We have a couple of parameters which have been added to this example and might be new to you. Don't worry! I will explain all of them. The first parameter is defType, which tells Solr which query parser we will be using (dismax in our case). If you are not familiar or would like to learn more about dismax, http://wiki.apache.org/solr/DisMax is where you should go! One of the features of this query parser is the ability to tell Solr which field should be used to search for phrases, and this is achieved using the pf parameter. The pf parameter takes a list of fields with the boost that corresponds to them, for instance, pf=title^100 which means that the phrase found in the title field will be boosted with a value of 100. The q parameter is the standard query parameter which you might be familiar with. In our example, we passed the words we are searching for using AND operator. Through our example we are looking for the documents which satisfy '2012' AND 'report' equation, also known as occurrences of both '2012' and 'report' words found in the title.

Tip

You must remember that you can't pass a query such as fieldname: value to the q parameter and use dismax query parser. The fields you are searching against should be specified using the qf parameter.
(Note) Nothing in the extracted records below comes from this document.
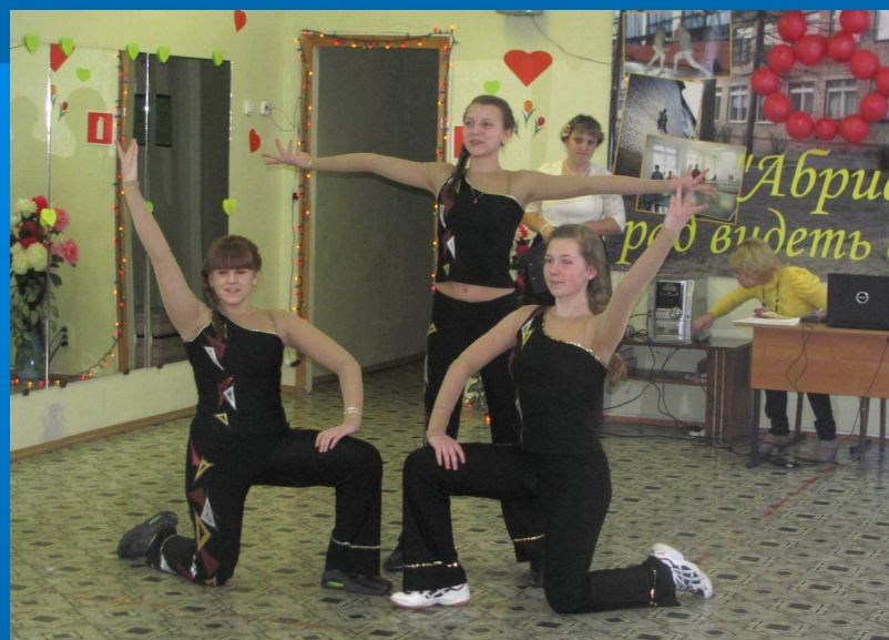
Выступление на празднике 8 Марта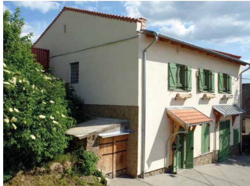
▼ Termelőszövetkezeti préház átalakítása lakóházzá, Budajenő, 2014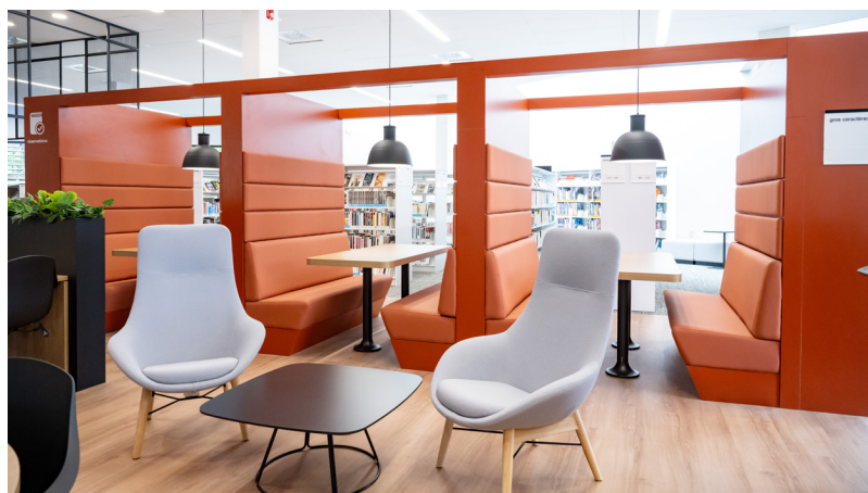
Bibliothèque Marie-Claire-Blais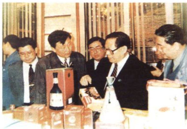
1994年5月，江泽民 参观湖南食品工业展览。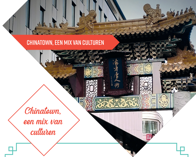
Chinatown, een mix van culturen

We beginnen deze route in de Wagenstraat, in de jaren '20 van de vorige eeuw was deze straat het populaire uitgaansgebied van Den Haag, een straat die in de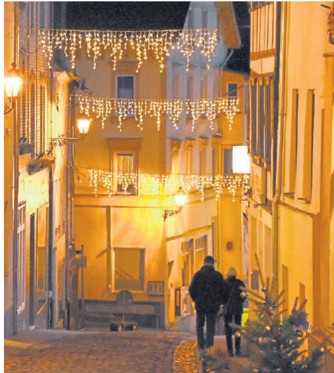
Trotz Absage: Wunderschöne Altstadtbeleuchtung.

Der Weilburger Weihnachtsmarkt lebe von seinem einzigartigen Ambiente auf dem Marktplatz, dem persönlichen Treffen zum Jahresende und dem unbeschwertem Genuss von Speisen und Getränken. Aufgrund der Corona-Pandemie werde dieses Flair in diesem Jahr auf keinen Fall herzustellen sein. „Der Weihnachtsmarkt ist immer ein Markt für alle, so dass zudem eine Beschränkung des Zutritts und ein Absperren des Marktplatzes für uns keine Option sind“, so das Stadtoberhaupt, „als Veranstalter müssen wir sicherstellen, dass die maximal zulässige Anzahl von Menschen nicht überschritten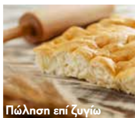
06. ΨΩΜΙ ΦΟΚΑΤΣΙΑ ΜΕ ΕΛΑΙΟΛΑΔΟ ΚΩΔ. ΠΡ. 499-8 ΒΑΡΟΣ 1kg ΤΙΜΗ 10.00 /κιλό €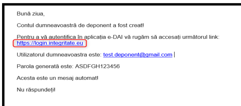
Figura 1 - Credentiale deponent

Fiecare utilizator cu rol de deponent va fi înregistrat în sistem de către persoana responsabilă din cadrul instituției din care face parte. Ulterior, acesta va primi un e-mail care va conține numele utilizatorului, parola și link-ul de acces în aplicație.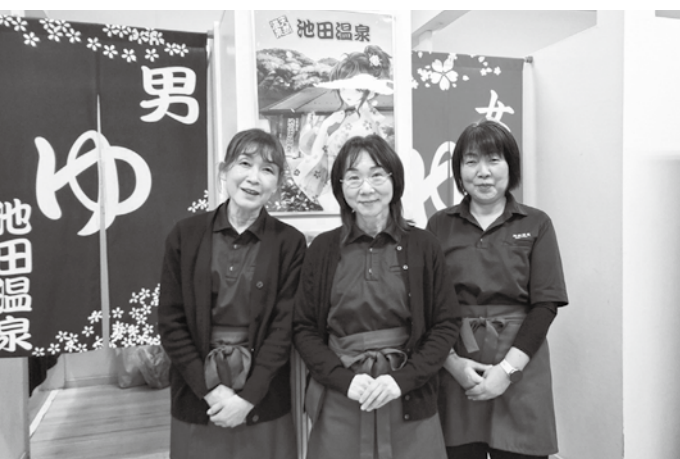
★最高の笑顔でおもてなし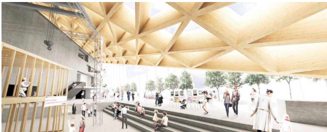
【エントランスイメージ】 CLTを使用したファサードが特徴的なエントランスは、情報発信機能を兼ね備えた吹き抜けの開放的な空間(アトリウム)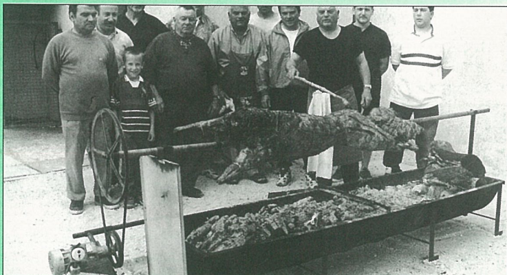
Le sanglier et les chasseurs.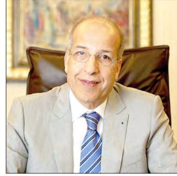
الصديق عمر الكبير

تجدر الإشارة إلى أن بنك البركة الإسلامي هو إحدى الوحدات التابعة لمجموعة البركة المصرفية، وهي مرخصة مصرف جملة إسلامياً من مصرف البحرين المركزي، ومدرجة في بورصتي البحرين وناسداك دبي. وتعد البركة من رواد العمل المصرفي الإسلامي على مستوى العالم، إذ تقدّم خدماتها المصرفية المميزة إلى حوالي مليار شخص في الدول التي تعمل فيها.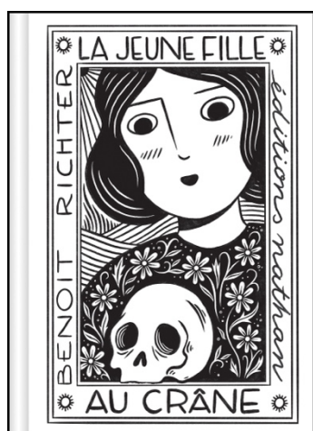
La Jeune Fille au crâne Benoît Richter, Nathan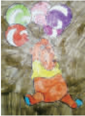
小记者:陈雅雯 编号:162062 学校:周口六一路小学四(3)班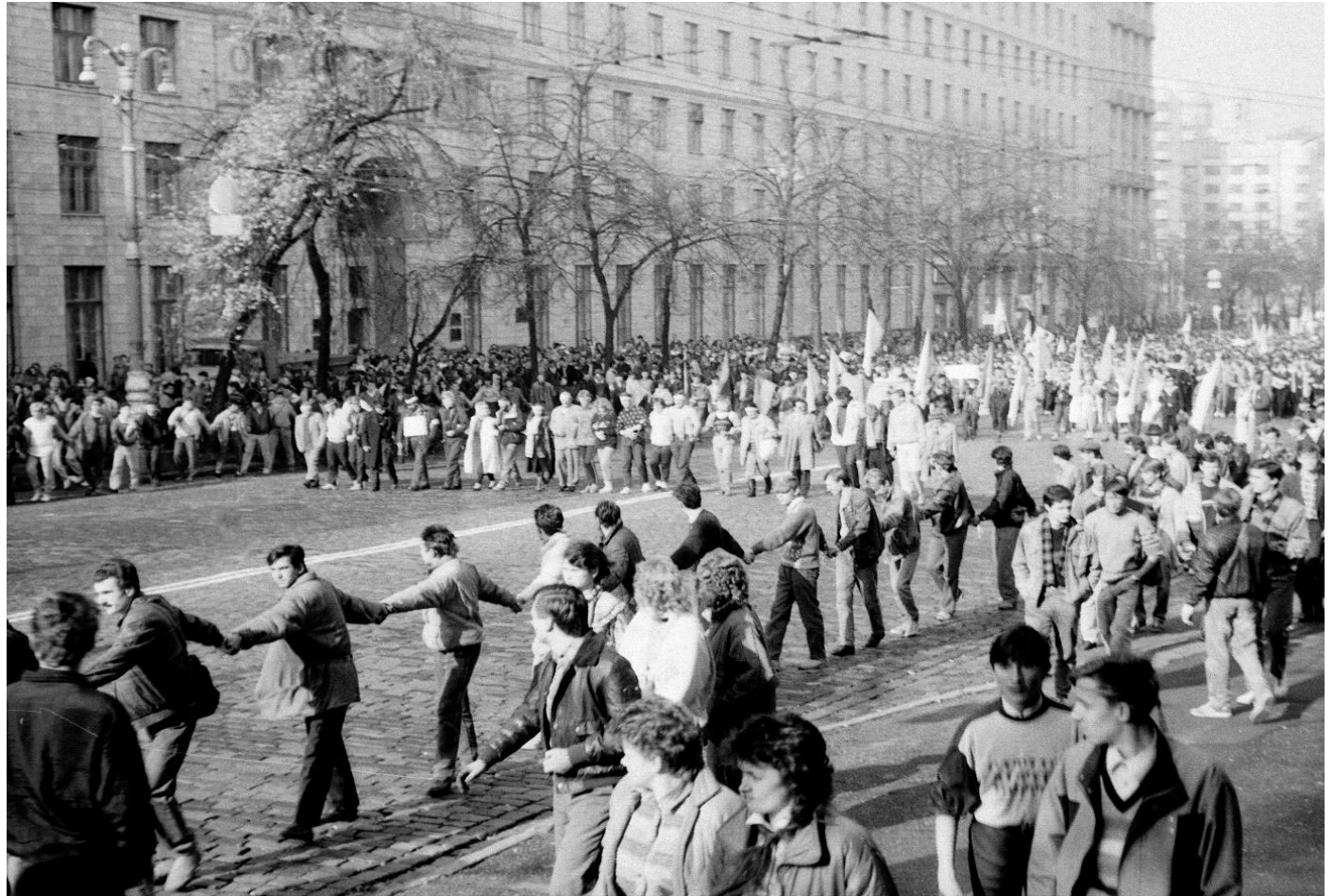
Хода до будівлі Верховної Ради УРСР.

Prioritizing your document in search results


You might come across situations wherein you need to promote some of your products and would like to find those on top of other documents in the search result list. Additionally, you might also need to have such products flexible and define exclusive queries applicable only to these products and not to the others. To achieve so, you might think of options such as boosting, index time boosting, or probably some special field. Don't worry! Solr will help you out via this section using a robust component known as QueryElevationComponent.

As QueryElevationComponent is biased to specific documents, it impacts the overall search process for other documents. Thus, it is recommended to use this feature only when it is required.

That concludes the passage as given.